One of my vices is sports talk radio. It’s bombastic, annoying, and, oddly, entertaining.
It’s also relatively new—at least as it relates to the history of radio.
The first all-sports talk radio station launched in 1987 in New York. The second was in Philadelphia.
Yesterday, the best I’ve ever heard do it—Angelo Cataldi—retired.
For 33 years, Cataldi yelled about the Philadelphia Eagles, invited others to do the same, and probably became the best personification there is of the Philadelphia nickname “Negadelphia.”
It was no secret that he was a caricature of the people, not really the voice of them, so that he could keep our attention. Everything was done to the extreme.

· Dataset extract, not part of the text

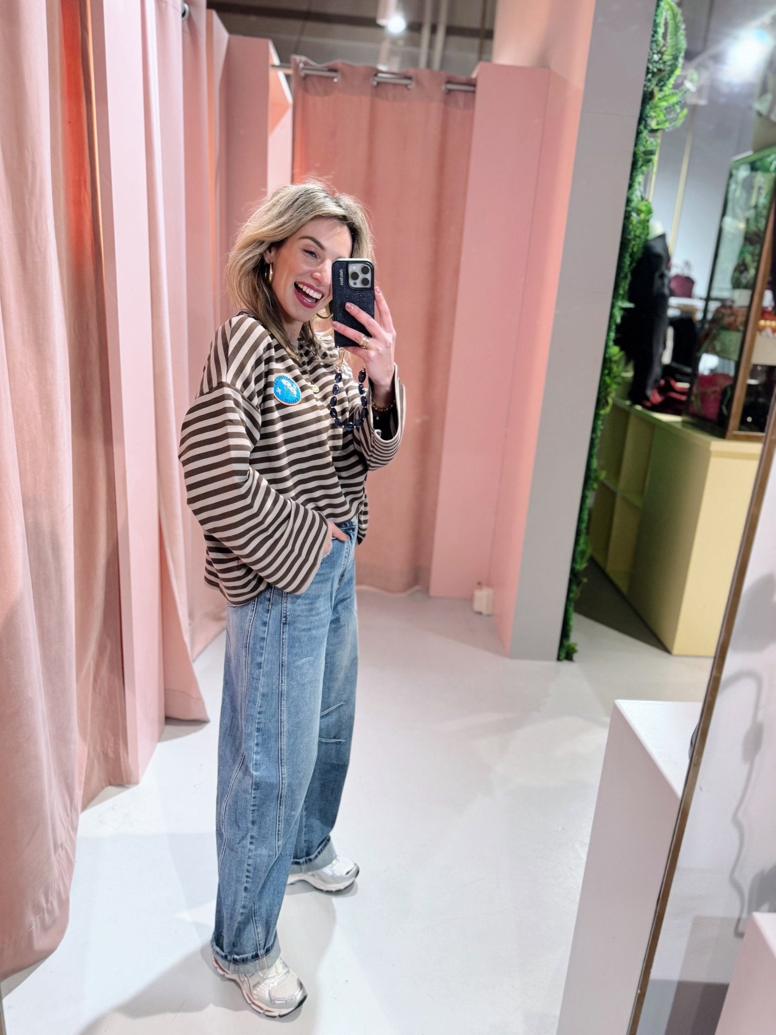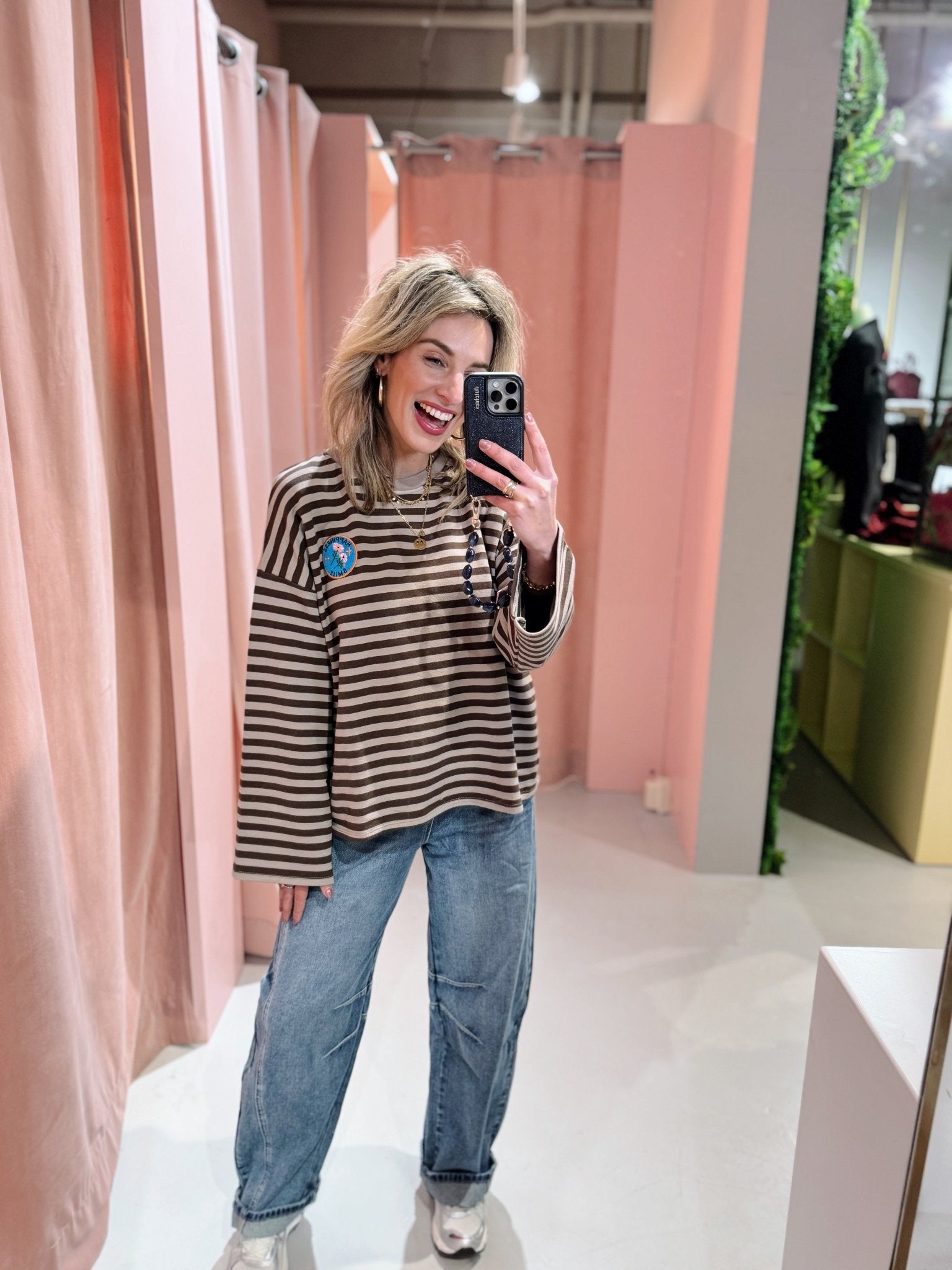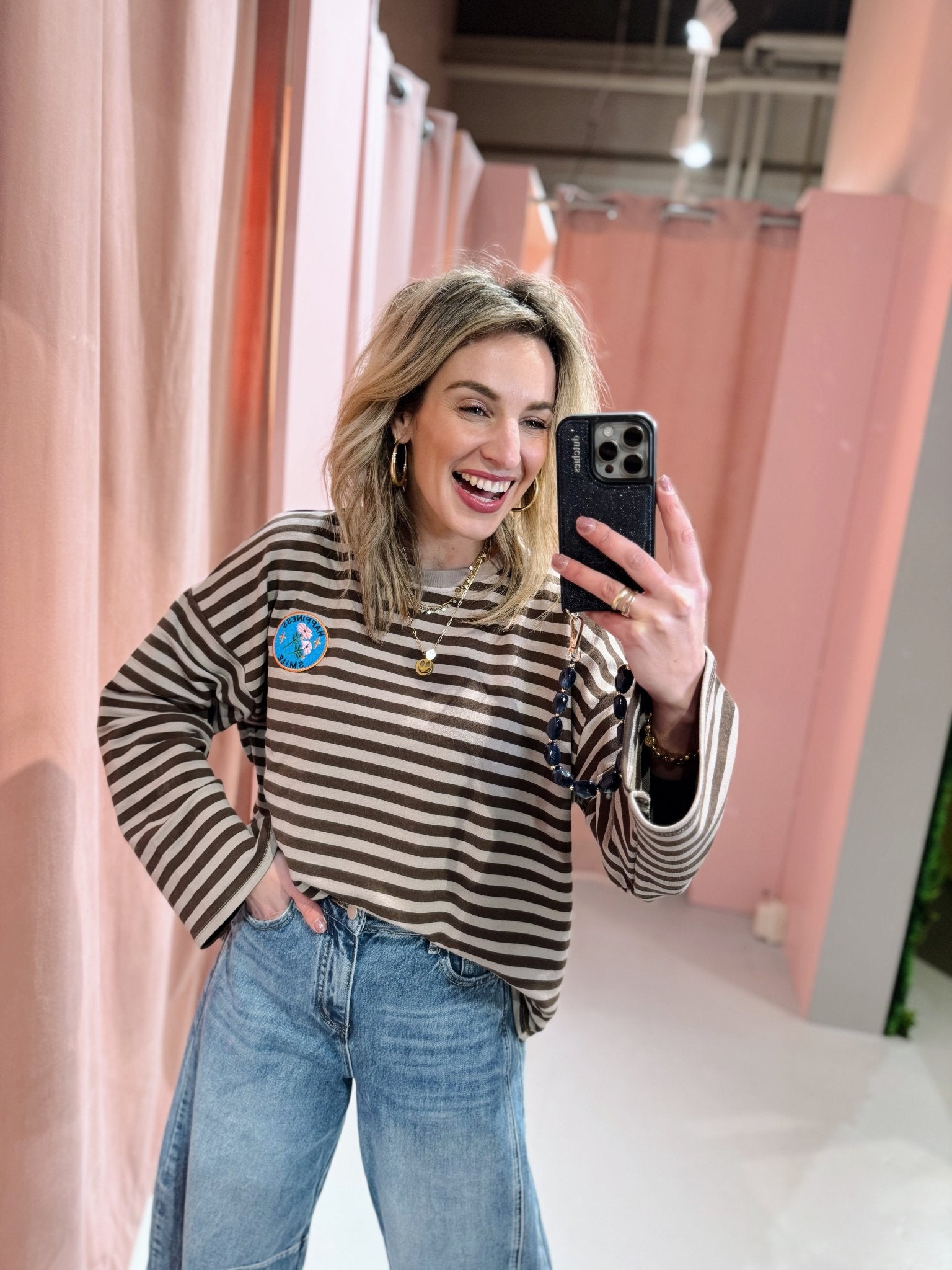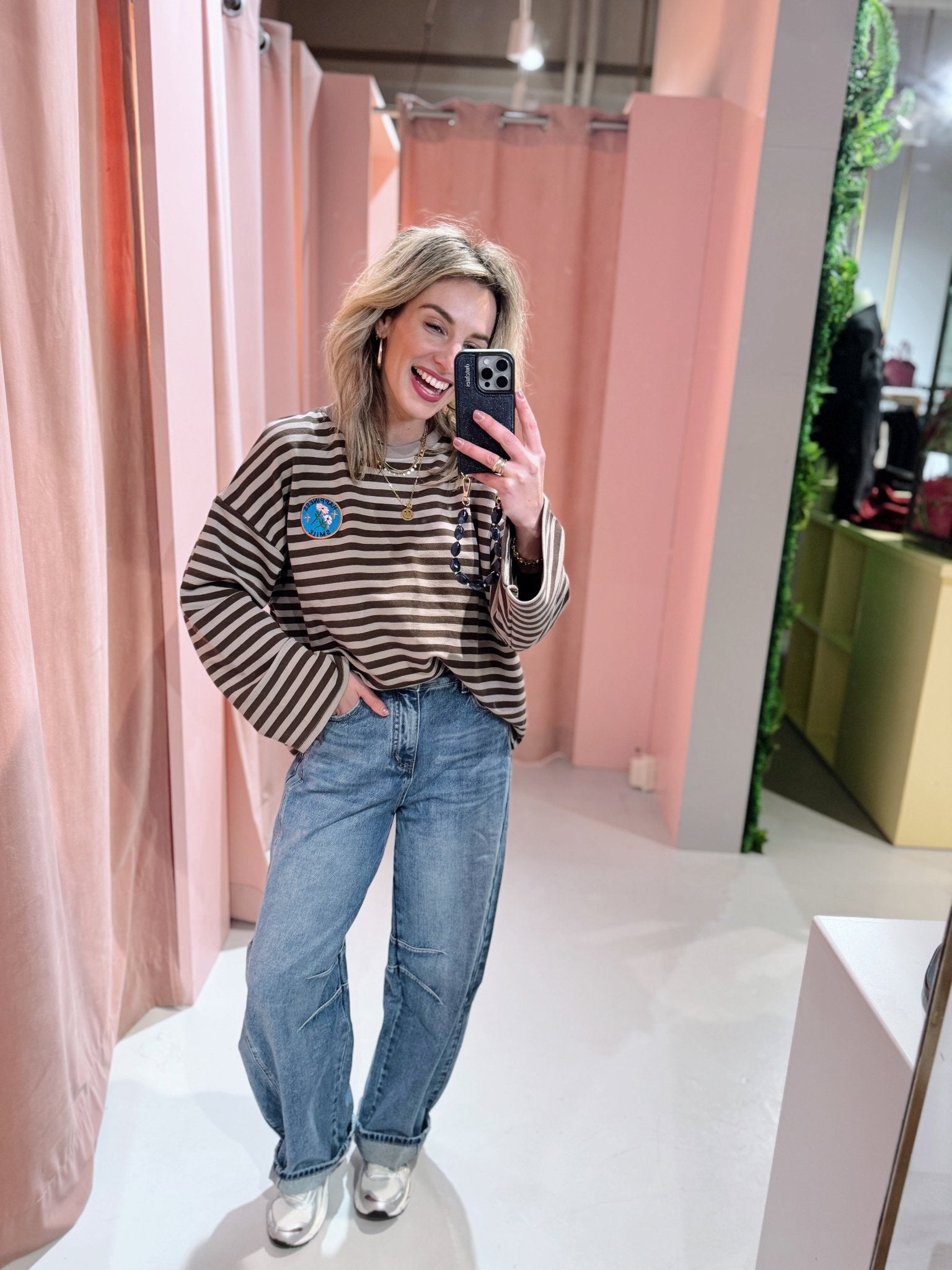 De Longsleeve Lise valt op maat (true to size), maar dankzij de oversized pasvorm oogt hij relaxed en modern. Perfect te combineren met een jeans, rok of comfy broek voor een moeiteloos stijlvolle outfit.

He talked about that on his last show yesterdays:
“You may notice I have not named one sports hero. You know why? Here’s the real secret of how we succeeded... They were never integral to the success of WIP. How they felt about us never mattered. All that mattered was you. If you liked what you were hearing, you would keep listening, we would stay in business, we would grow an audience. The only people that mattered were the people listening and calling into our show.”
Simple, perhaps oversimplified. But we often overcomplicate things and we often lose sight of who our customer is as we think about ways to get more of them.
Cataldi, really, is nothing more than a startup story, just a different version of it. He figured out who the most important people were to his success—the listeners, not the subject matter, not the advertisers—and he focused on them.
A familiar lesson, sure, but a good one.